■ **Task to complete**
Skipping each picture, output the entries exactly as they stand below.

Segment Start: The input

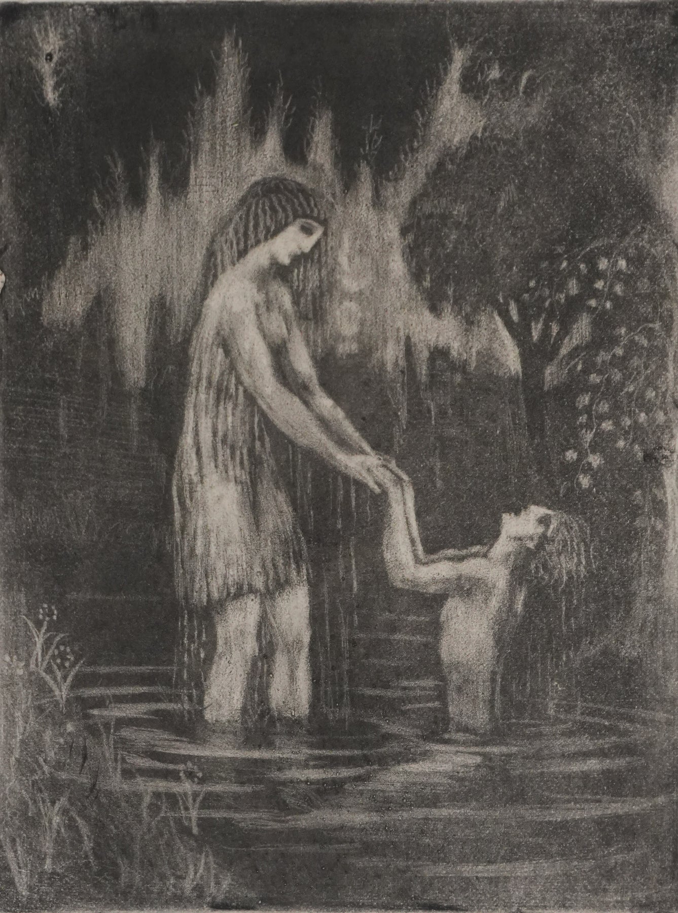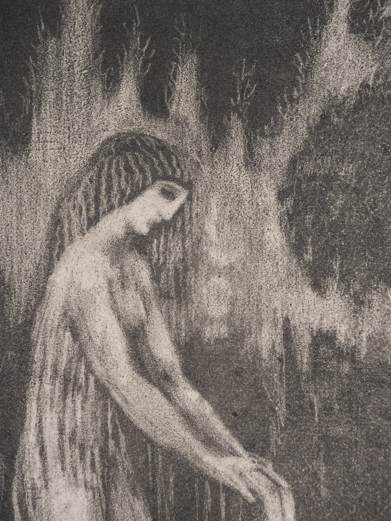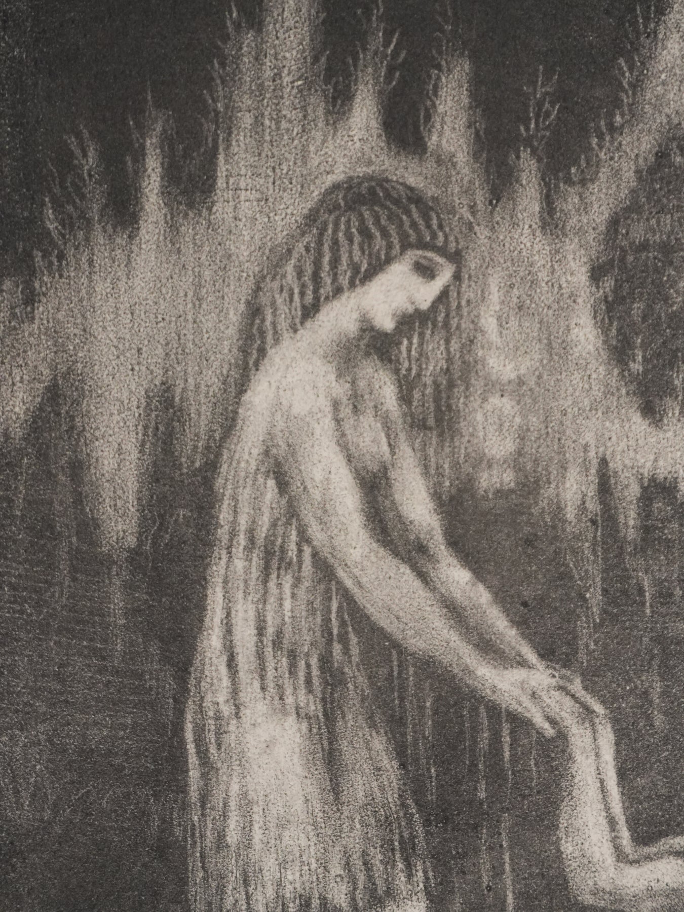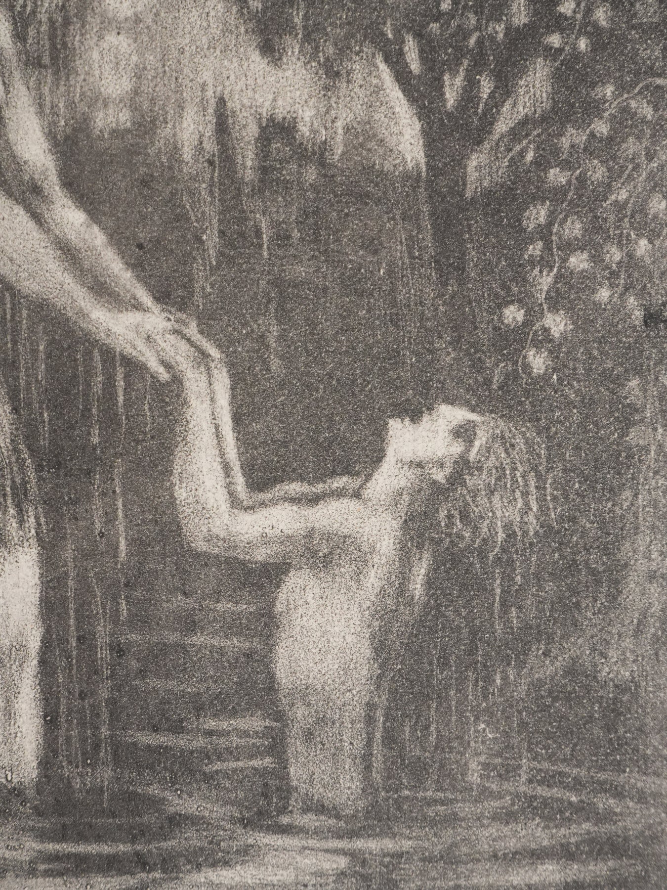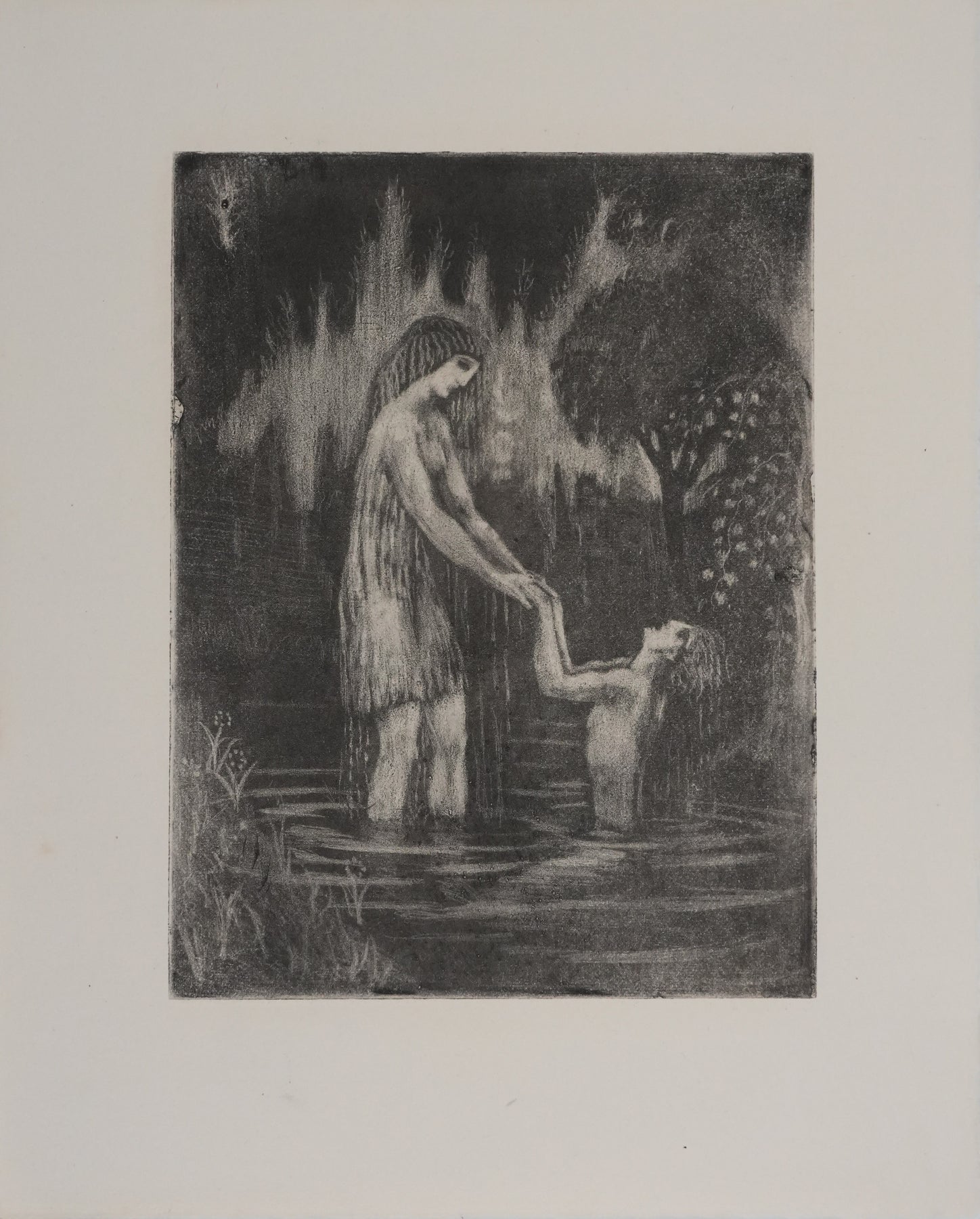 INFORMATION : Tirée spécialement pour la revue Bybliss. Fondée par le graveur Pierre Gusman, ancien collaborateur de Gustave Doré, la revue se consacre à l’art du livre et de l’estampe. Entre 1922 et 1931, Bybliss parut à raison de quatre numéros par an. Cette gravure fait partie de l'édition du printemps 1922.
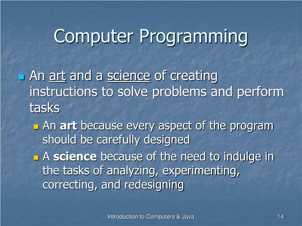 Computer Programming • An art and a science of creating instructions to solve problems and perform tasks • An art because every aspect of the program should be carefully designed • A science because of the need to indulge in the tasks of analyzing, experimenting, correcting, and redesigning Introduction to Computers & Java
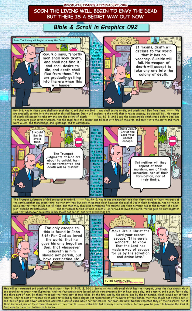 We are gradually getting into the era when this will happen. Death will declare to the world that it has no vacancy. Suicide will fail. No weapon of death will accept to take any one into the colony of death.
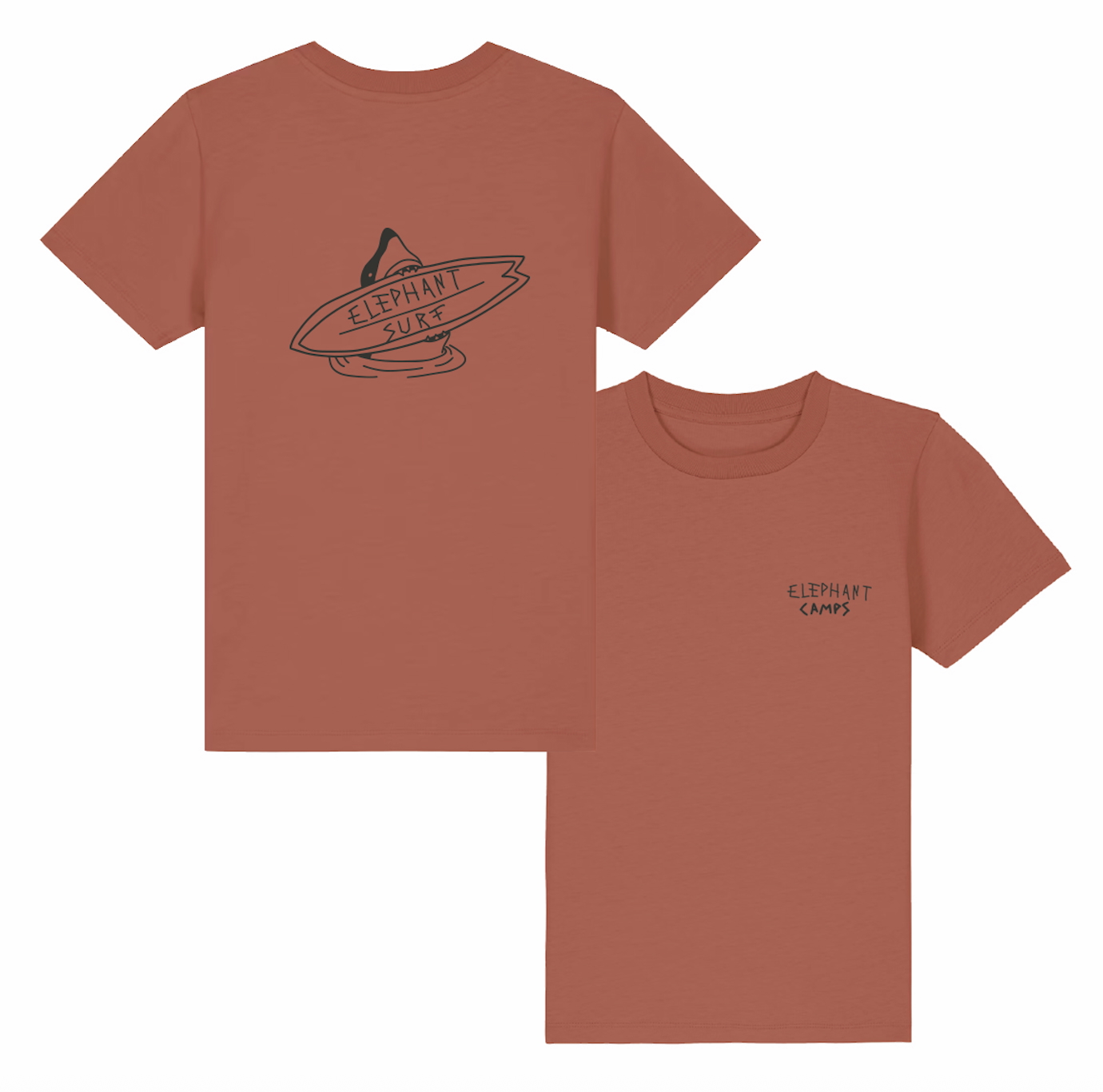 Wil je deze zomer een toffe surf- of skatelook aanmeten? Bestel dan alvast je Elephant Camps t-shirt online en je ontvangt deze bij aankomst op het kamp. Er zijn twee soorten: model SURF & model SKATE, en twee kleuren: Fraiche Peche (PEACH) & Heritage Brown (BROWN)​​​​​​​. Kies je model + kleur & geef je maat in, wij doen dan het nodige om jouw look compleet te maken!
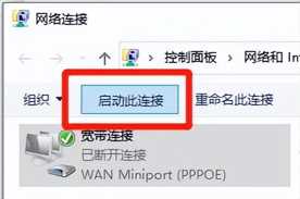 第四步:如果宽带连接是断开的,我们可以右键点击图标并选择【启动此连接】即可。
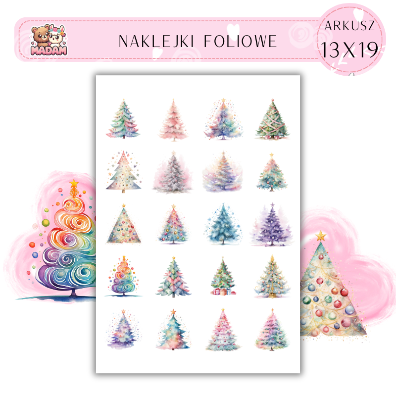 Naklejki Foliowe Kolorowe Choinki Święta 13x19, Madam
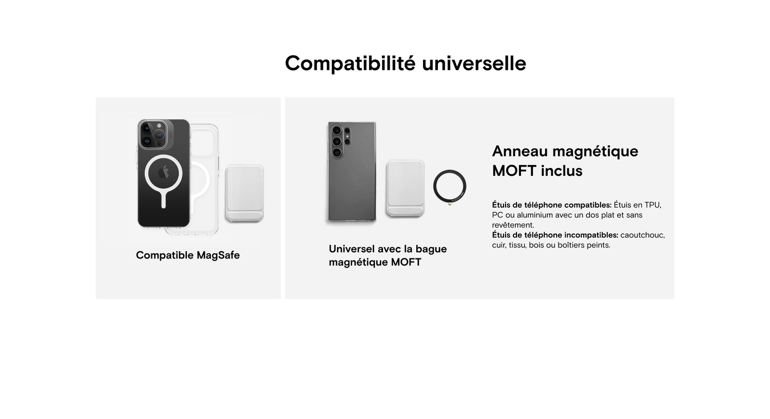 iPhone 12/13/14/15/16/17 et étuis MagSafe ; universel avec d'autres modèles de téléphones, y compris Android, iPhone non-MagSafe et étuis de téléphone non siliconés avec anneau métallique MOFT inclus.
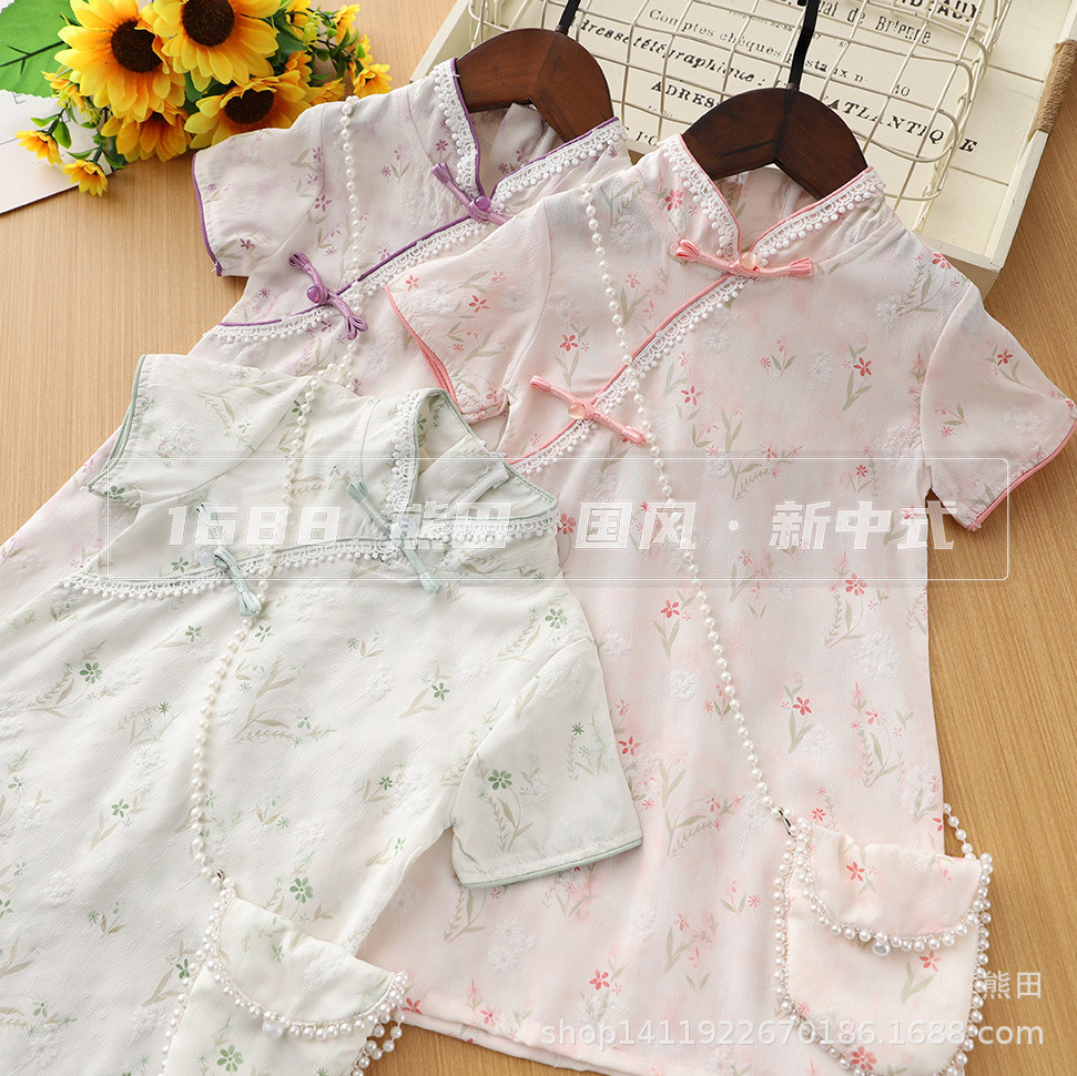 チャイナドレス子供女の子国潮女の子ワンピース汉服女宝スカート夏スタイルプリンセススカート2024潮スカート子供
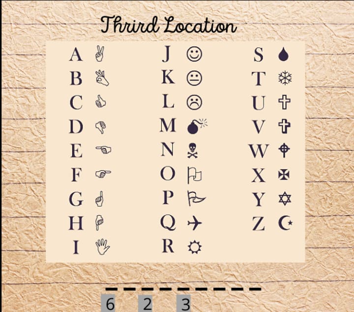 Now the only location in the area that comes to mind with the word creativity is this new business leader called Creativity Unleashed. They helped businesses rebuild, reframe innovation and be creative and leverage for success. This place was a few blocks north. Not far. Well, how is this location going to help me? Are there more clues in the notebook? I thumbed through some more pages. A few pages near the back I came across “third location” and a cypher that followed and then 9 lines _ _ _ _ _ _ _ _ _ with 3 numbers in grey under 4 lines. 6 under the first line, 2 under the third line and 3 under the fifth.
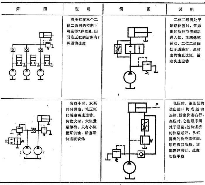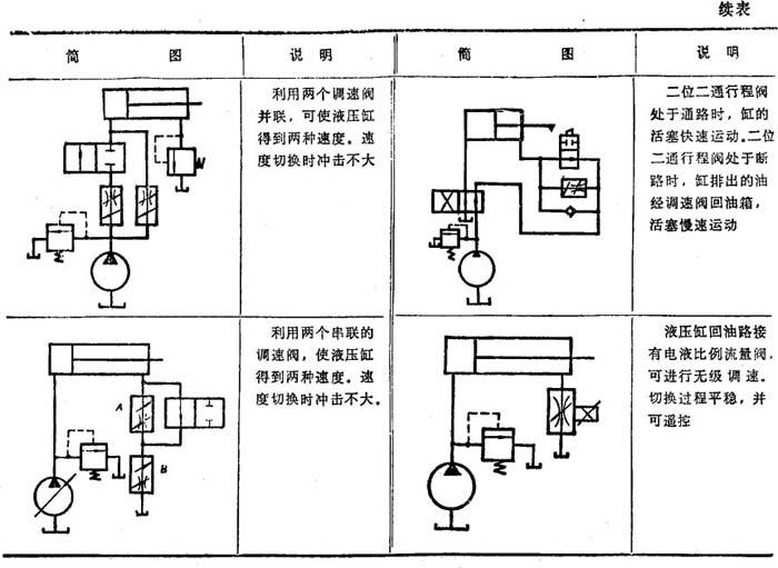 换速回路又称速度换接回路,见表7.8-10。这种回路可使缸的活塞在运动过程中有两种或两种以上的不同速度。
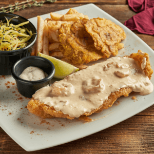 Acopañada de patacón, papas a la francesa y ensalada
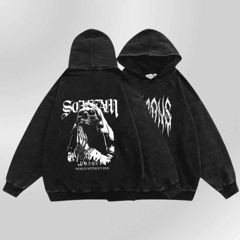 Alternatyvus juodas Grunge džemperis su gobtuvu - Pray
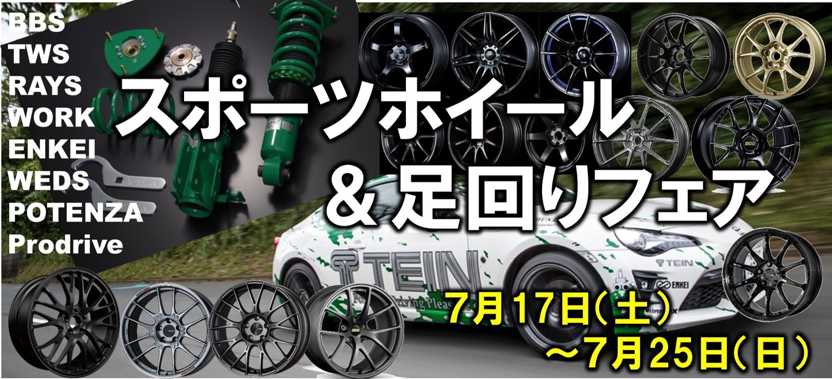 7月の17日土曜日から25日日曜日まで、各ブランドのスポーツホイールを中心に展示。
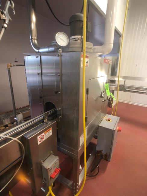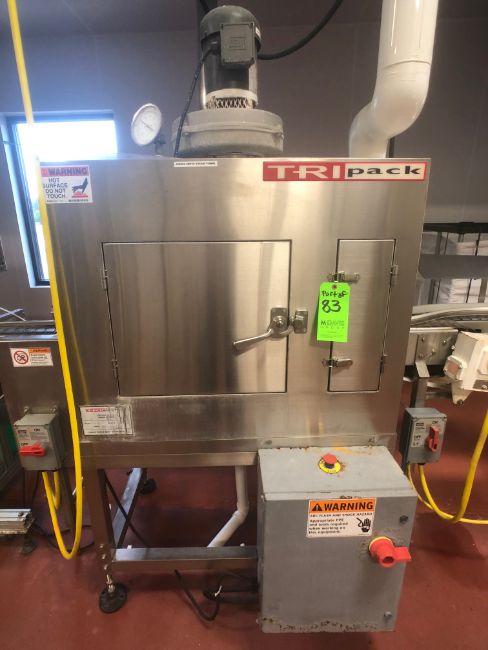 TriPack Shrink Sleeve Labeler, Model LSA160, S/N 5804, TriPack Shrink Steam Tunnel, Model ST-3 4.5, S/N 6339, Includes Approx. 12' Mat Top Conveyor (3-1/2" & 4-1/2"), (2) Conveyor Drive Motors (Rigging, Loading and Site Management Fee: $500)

Segment End: The input

■ **Answer to the exercise**
 INFORMATION : Tirée spécialement pour la revue Bybliss. Fondée par le graveur Pierre Gusman, ancien collaborateur de Gustave Doré, la revue se consacre à l’art du livre et de l’estampe. Entre 1922 et 1931, Bybliss parut à raison de quatre numéros par an. Cette gravure fait partie de l'édition du printemps 1922.
 Computer Programming • An art and a science of creating instructions to solve problems and perform tasks • An art because every aspect of the program should be carefully designed • A science because of the need to indulge in the tasks of analyzing, experimenting, correcting, and redesigning Introduction to Computers & Java
 We are gradually getting into the era when this will happen. Death will declare to the world that it has no vacancy. Suicide will fail. No weapon of death will accept to take any one into the colony of death.
 Wil je deze zomer een toffe surf- of skatelook aanmeten? Bestel dan alvast je Elephant Camps t-shirt online en je ontvangt deze bij aankomst op het kamp. Er zijn twee soorten: model SURF & model SKATE, en twee kleuren: Fraiche Peche (PEACH) & Heritage Brown (BROWN)​​​​​​​. Kies je model + kleur & geef je maat in, wij doen dan het nodige om jouw look compleet te maken!
 第四步:如果宽带连接是断开的,我们可以右键点击图标并选择【启动此连接】即可。
 Naklejki Foliowe Kolorowe Choinki Święta 13x19, Madam
 iPhone 12/13/14/15/16/17 et étuis MagSafe ; universel avec d'autres modèles de téléphones, y compris Android, iPhone non-MagSafe et étuis de téléphone non siliconés avec anneau métallique MOFT inclus.
 チャイナドレス子供女の子国潮女の子ワンピース汉服女宝スカート夏スタイルプリンセススカート2024潮スカート子供
 Now the only location in the area that comes to mind with the word creativity is this new business leader called Creativity Unleashed. They helped businesses rebuild, reframe innovation and be creative and leverage for success. This place was a few blocks north. Not far. Well, how is this location going to help me? Are there more clues in the notebook? I thumbed through some more pages. A few pages near the back I came across “third location” and a cypher that followed and then 9 lines _ _ _ _ _ _ _ _ _ with 3 numbers in grey under 4 lines. 6 under the first line, 2 under the third line and 3 under the fifth.
 换速回路又称速度换接回路,见表7.8-10。这种回路可使缸的活塞在运动过程中有两种或两种以上的不同速度。
 Acopañada de patacón, papas a la francesa y ensalada
 Alternatyvus juodas Grunge džemperis su gobtuvu - Pray
 7月の17日土曜日から25日日曜日まで、各ブランドのスポーツホイールを中心に展示。
 TriPack Shrink Sleeve Labeler, Model LSA160, S/N 5804, TriPack Shrink Steam Tunnel, Model ST-3 4.5, S/N 6339, Includes Approx. 12' Mat Top Conveyor (3-1/2" & 4-1/2"), (2) Conveyor Drive Motors (Rigging, Loading and Site Management Fee: $500)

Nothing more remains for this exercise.